Cannot get the performance number for Nvidia Orin

andyluo7 commented 2 years ago

I have an Orin developer Kit and followed the instructions to run mlcommons inference 2.0 on it. Orin is set to MAXN power mode.

The reported resnet50 throughput is 6,138.84fps in offline while what I can get is 4721.85fps. There is a 23% gap between the two.

I wonder if there is any settings I should enable to be closer to the reported performance number.

BR, Andy

psyhtest commented 2 years ago

Hi @andyluo7, your result is very similar to the published MaxQ result on the same platform: 4,750.26 samples per second. Have you enabled the MaxQ settings somehow?

psyhtest commented 2 years ago

Reproduced the issue with the following log:

 ======================= Perf harness results: =======================

 Orin_TRT-lwis_k_99_MaxP-Offline:
     resnet50: result_samples_per_second: 4752.66, Result is VALID

@nvpohanh @DilipSequeira

nvpohanh commented 2 years ago

@nv-ananjappa

psyhtest commented 2 years ago

It's even worse for BERT:

 ======================= Perf harness results: =======================

 Orin_TRT-custom_k_99_MaxP-Offline:
     bert: result_samples_per_second: 331.603, Result is VALID

 ======================= Accuracy results: =======================

 Orin_TRT-custom_k_99_MaxP-Offline:
     bert: No accuracy results in PerformanceOnly mode.

 real    16m22.142s
 user    0m7.079s
 sys     0m1.911s

(Expected MaxP: 476; expected MaxQ: 394.)

The system-under-test is Jetson Orin Developer Kit out-of-the-box, set up by running closed/Azure/scripts/install_orin_auto_dependencies.sh.

nv-ananjappa commented 2 years ago

@andyluo7 @psyhtest NVIDIA's Orin submission in MLPerf-Inference 2.0 is a preview submission that uses an internal build of the software that is not yet publicly available.

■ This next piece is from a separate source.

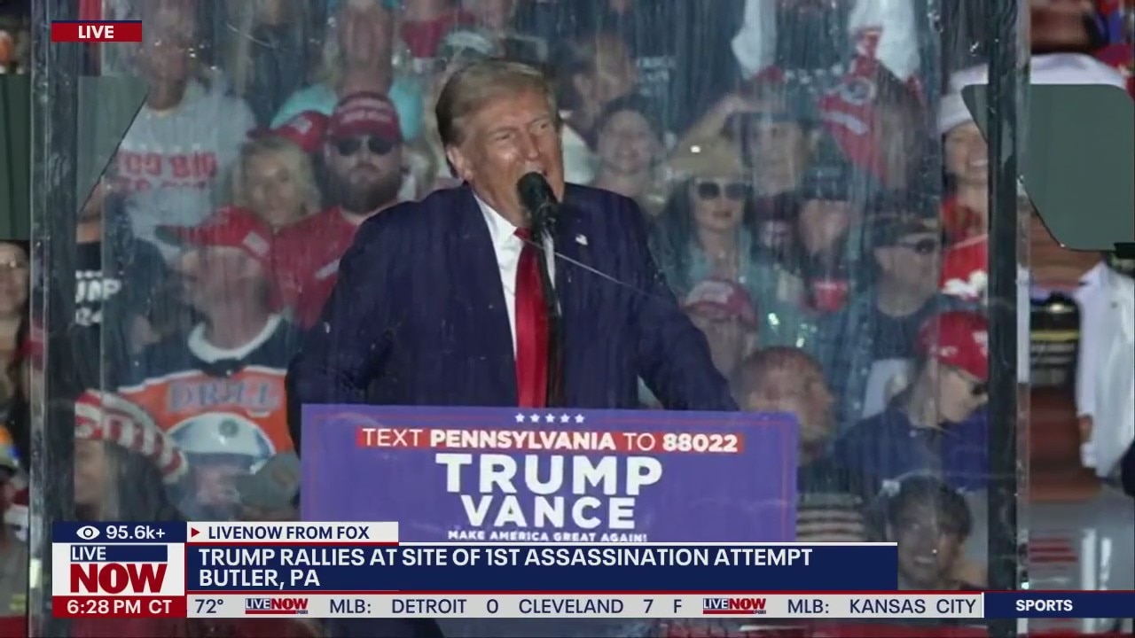 Former President Donald Trump returned to Butler, Pennsylvania on Saturday, giving a campaign speech behind bullet-proof glass. This is Trump's first time rallying in Butler since the first assassination attempt against him back in July. Pennsylvania remains a key swing state in the 2024 election.

Thus, the results in 2.0 submission are not fully reproducible with software that is publicly available right now from NVIDIA. We appreciate your patience until our available submission in August this year, at which time this software will be publicly released for full reproducibility.

psyhtest commented 2 years ago

Thank you @nv-ananjappa.

Based this SW note, I expected this might have been case for ResNet50 and SSD-ResNet34, but not for BERT? All other system information implies no further deviations from released components (e.g. TensorRT 8.4).

nv-ananjappa commented 2 years ago

@psyhtest There will be an updated version of the Jetpack 5.0 software in August that will be publicly available for reproducing all these results. We appreciate your patience until then.

psyhtest commented 2 years ago

Thank you @nv-ananjappa. I would like to corroborate your results in the v2.1 submission round if possible. Let's discuss if this can be arranged separately.

By the way, the Orin installation script misses the onnx package, which appears to be needed for RNNT.

psyhtest commented 2 years ago

Something interesting has happened! I suspect that the JetPack on our Orin Dev Kit has been upgraded from 5.0 DP to 5.0.1 DP. While the release notes say:

JetPack 5.0.1 Developer Preview is a development release and is a minor update to JetPack 5.0 Developer Preview and includes Jetson Linux 34.1.1. JetPack 5.0.1 brings support for DeepStream 6.1. All other features remain the same as JetPack 5.0 Developer Preview.

I got an error trying to run TensorRT engine plans (binaries) built only last week:

[E] [TRT] 6: The engine plan file is not compatible with this version of TensorRT, expecting library version 8.4.0.11 got 8.4.0.9, please rebuild.
[E] [TRT] 4: [runtime.cpp::deserializeCudaEngine::49] Error Code 4: Internal Error (Engine deserialization failed.)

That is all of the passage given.